The surplus creates a problem that may take years to correct through a combination of rising sales in old markets, development of new markets, and adjusting production capacity. Heidi Scheid is leading a session that will address the issues directly titled Strategies for Managing Through Over-Supply. Should be a standing room crowd.

Trade Wars Shrink the Pie

Trade wars are another concern. President Trump has said that trade wars are good and they are easy to win, but the wine industry has found little to celebrate about being in the center of the battlefield. Having invested years of effort and lots of dollars opening up Chinese markets, for example, many wineries have watched hoped-for opportunities disappear with retaliatory Chinese tariffs on U.S. wines.

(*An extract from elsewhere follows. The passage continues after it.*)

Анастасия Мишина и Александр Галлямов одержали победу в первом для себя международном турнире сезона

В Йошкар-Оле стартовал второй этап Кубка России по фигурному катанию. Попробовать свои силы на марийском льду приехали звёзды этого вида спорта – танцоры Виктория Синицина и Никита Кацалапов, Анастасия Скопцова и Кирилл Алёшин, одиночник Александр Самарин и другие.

It looks like French wine producers have dodged a bullet, avoiding sky-high U.S. tariffs that were threatened as retaliation for France’s digital tax scheme. You might have expected U.S. wine producers to celebrate tariffs on wine imports because some buyers are likely to shift from imports to domestic wines. But this substitution effect is not the only impact the tariffs have.

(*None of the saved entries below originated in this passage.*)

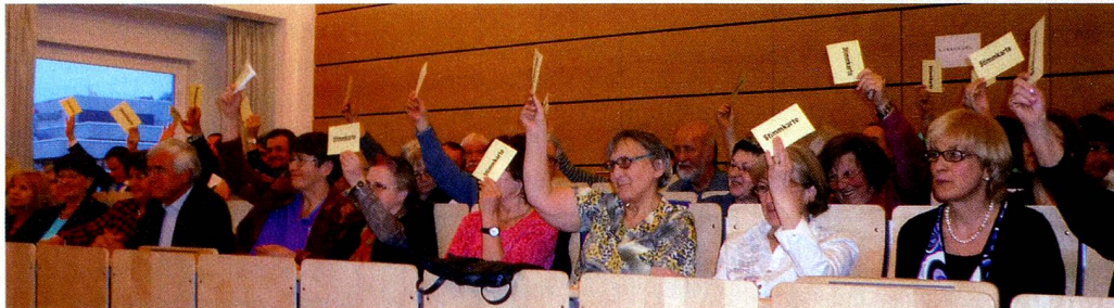
Mitbestimmen macht offensichtlich Spass: Mitglieder der Schweizer Gesellschaft Stuttgart
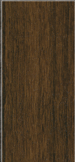
CSM-02 Brun foncé
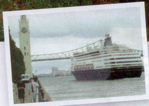
Le Maasdam au départ de Montréal

Au départ de Montréal ou de Québec en 2009, on dénombre une vingtaine de possibilités de faire du tourisme maritime à la fois au Québec, dans les provinces atlantiques et sur la côte Est des États-Unis. Soulignons que bon an, mal an, le Maasdam , un très beau navire de 55 500 tonnes d'une capacité de 1 266 passagers de Holland America Line, est fidèle au rendez-vous au port de Montréal pour une croisière de sept jours avec comme point d'arrivée final le port de Boston. C'est ce navire qui remporte cette année la palme de la croisière québécoise par excellence, avec quatre escales (Québec, Saguenay, Baie-Comeau et Gaspé) effectuées lors de son repositionnement vers la Floride en octobre 2009.
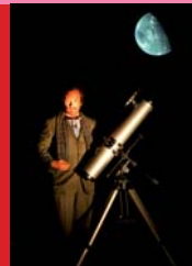
Christophe Reynaud de Lage
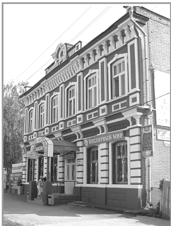
Дом Кобзаря, совр. вид.

лаково за их посещение нас в лазарете и за их подарки.
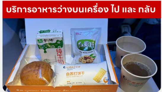
บริการอาหารว่างบนเครื่อง ไป และ กลับ

Prohibitive tariffs on imported wine are more likely to shrink the wine market pie at every stage of the product chain. It is hard to see how retailers or distributors can justify investment in the wine category when overall sales fall and uncertainty about future conditions is high. The uncertainty effect looms especially large, despite the recent wine tariff trade truce. If wine was caught in the trade war cross-fire before, there’s no reason it couldn’t happen again. And truces are by their nature temporary and fragile.

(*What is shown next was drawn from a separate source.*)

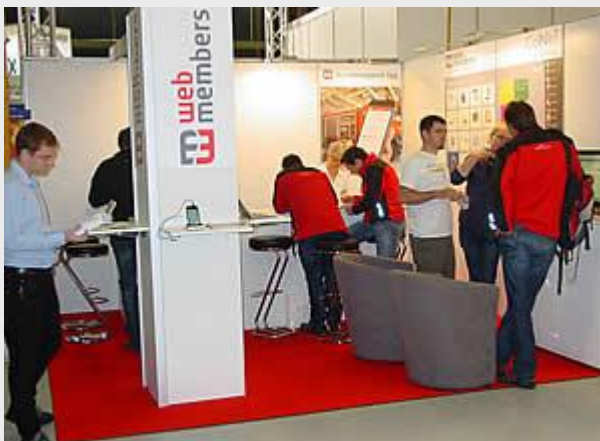
Intensive Gespräche an unserem Stand Demonstrationen von WebMembers 4.0

When tariffs work to protect an industry they tend to do so only temporarily and at high cost (struggling Harley-Davidson is a good example of this). But they more often backfire. The recent tariffs meant to protect manufacturing jobs in the U.S., for example, seem to have only accelerated the decline of the manufacturing sector generally because of the complex international interweaving of manufacturing chains and other factors.

Food (and Drink) for Thought

There a lot to think about as the wine industry moves into 2020, so I encourage readers to check out the Unified’s seminar programs and start working on a strategy for the trade show.

I’ve been to a lot of wine meetings both here and abroad, but there’s nothing like the Unified. Hope to see you there.